The Niagaran formation in the Michigan basin is comprised of Silurian Pinnacle reefs. It is a heterogeneous carbonate formation with the majority being dolomite. There are two Niagaran plays in Michigan, the Northern Play and the Southern Play. Past stimulation treatments on the Niagaran have consisted of mainly hydrochloric acid at concentrations of 15–28%. Most treatments were kept to matrix conditions due to water zones in close proximity. These treatments usually yield marginal results due to the acid being spent mostly near well bore. Gelled, crosslinked or emulsified acid are good solutions for this problem but can also leave some damage behind. Acid gelled with surfactants can yield similar results and be easier to clean up.

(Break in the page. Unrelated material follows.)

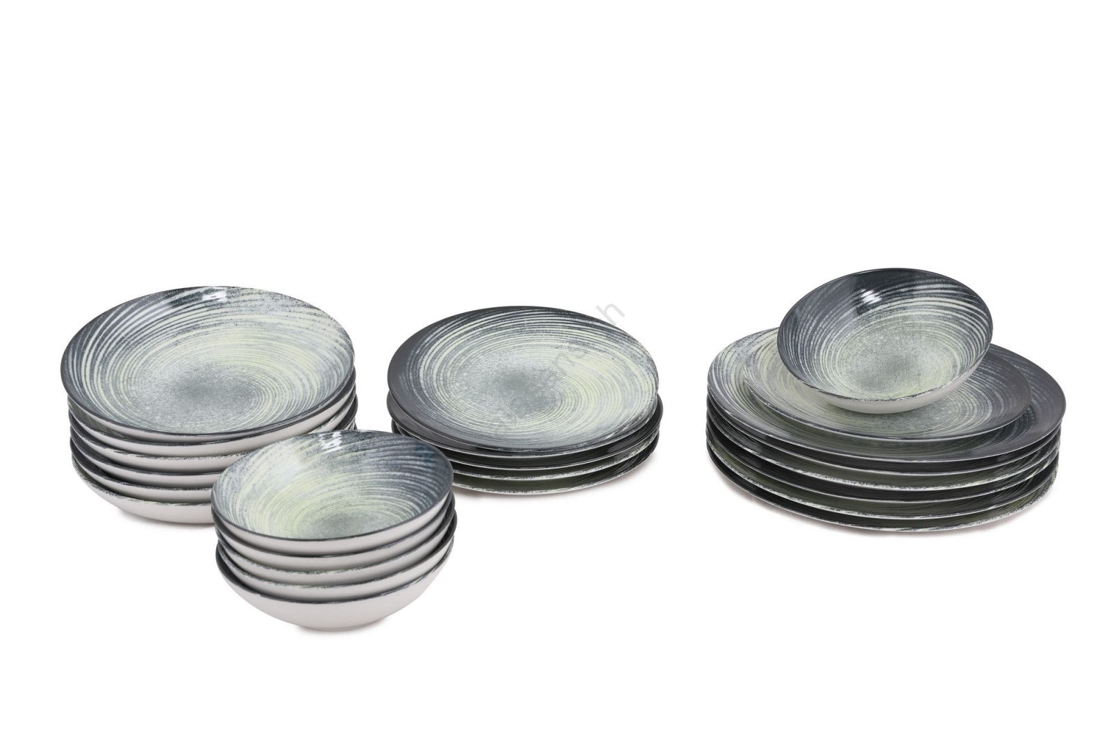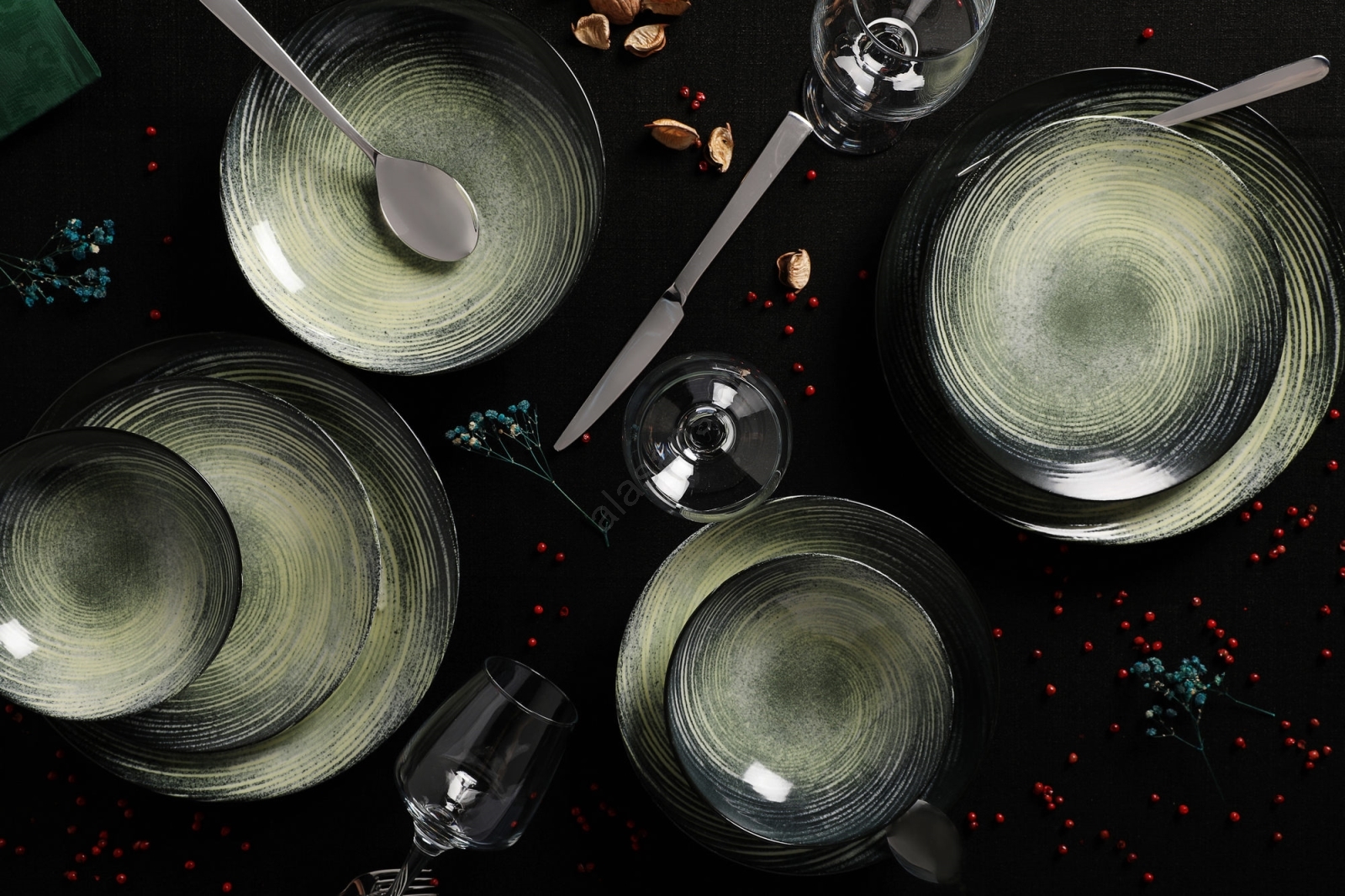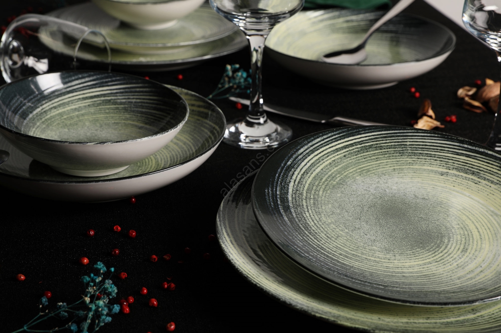 Service de table 24 pièces en porcelaine, vert/noir

This paper will provide some background on the Niagaran formation and historical treatments. The paper will explain the chemistry behind viscoelastic surfactant-based acid systems and will provide detailed descriptions of the benefits of these types of systems. Production data from a well treated with both conventional acid and a viscoelastic acid system will be discussed. The paper will then conclude with a few words on the economics behind viscoelastic systems.

Introduction

Oil producing formations like the Michigan Basin's Niagaran Reef are getting more attention now than in the recent past. This attention is fueled by the recent down turn in gas pricing along with the fact that oil prices appear to be making an earlier comeback. When dealing with oil formations that produce less than spectacular amounts of oil per day, it is important to perform effective stimulation jobs that don't damage the formation.

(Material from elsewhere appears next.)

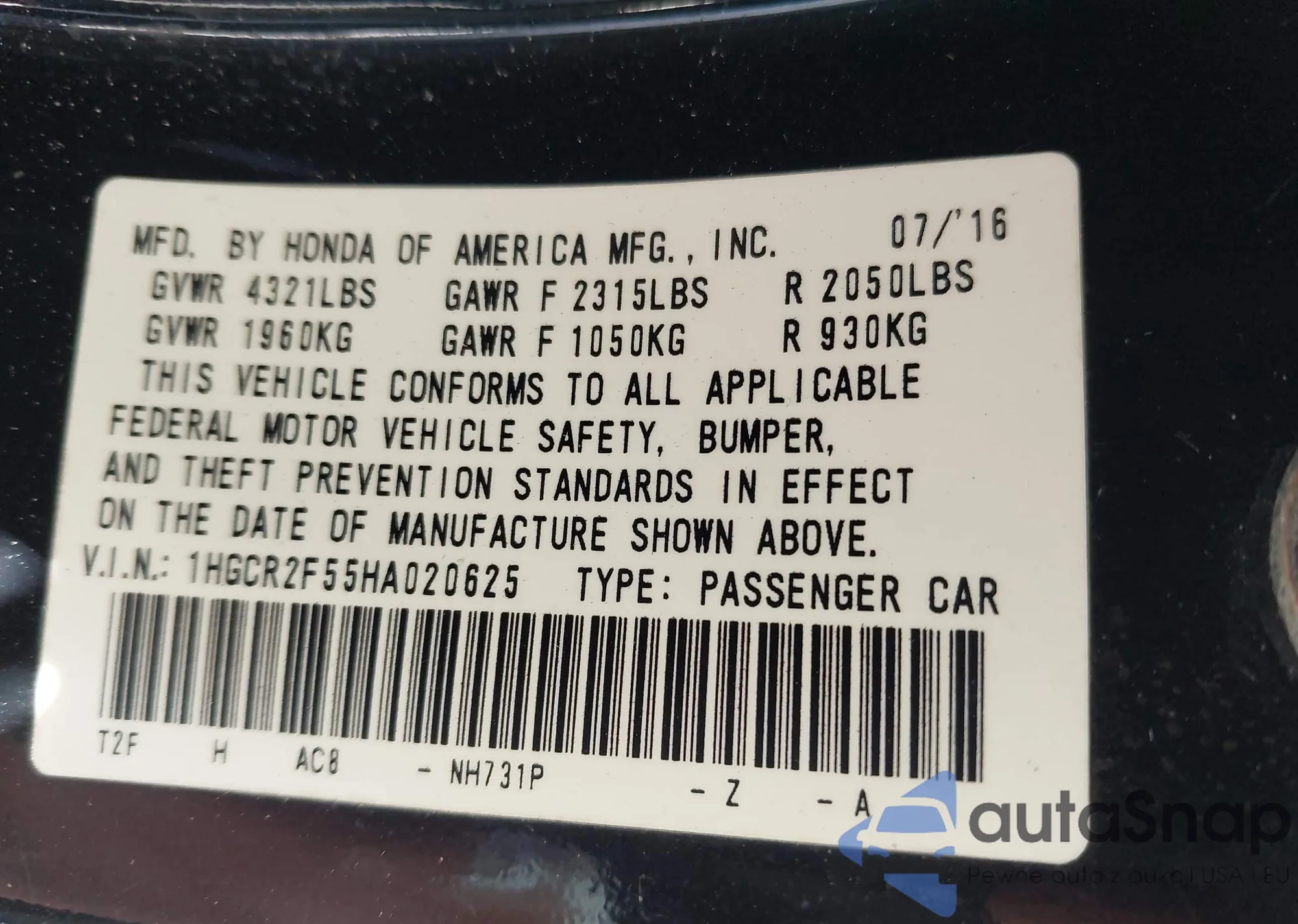 LOT: 43673769 VIN: JHMFA36259S008077

Acidizing carbonate formations such as the Niagaran is an easy and usually inexpensive solution to stimulation. Finding the optimum acid blend for the formation, however, can sometimes be challenging. Regular hydrochloric acid mixed at concentrations of 15–28% works well in the Niagaran but may dissolve more near-wellbore formation rock and not reach out into the reservoir as desired. As a result, gelled, crosslinked or emulsified acids systems have demonstrated successes. One of the main benefits of using gelled, crosslinked or emulsified acid systems is that by encapsulating the acid, the contact time between the acid and formation rock can be delayed. This allows more time for the acid to reach out into the reservoir before spending itself by dissolving formation rock. The same effect could be accomplished with a weaker acid system, but by using an encapsulated acid system, strength isn't sacrificed. The only drawback to using encapsulated systems is breaking them. This is not an exact science. If they are not properly broken, they can leave damaging gels or emulsions, plugging off pore spaces and restricting formation fluid from flowing to the well bore. One solution to this problem is gelling systems with surfactants. A viscoelastic surfactant-based gelling system can achieve the same results as an encapsulated system but with better control over the break.

Viscoelastic surfactant-based systems use large loadings of surfactants to create a polymer-style gel. The benefit of this gel over normal polymer gels is that it is sensitive to pH and hydrocarbon. This means that in an acid system, as the pH changes, so do the gel characteristics. By the time the acid system has reached a neutral pH, the gel will have broken back to a liquid form. If for some reason some gel remains, the system's hydrocarbon sensitivity means it will break when it comes in contact with formation fluids.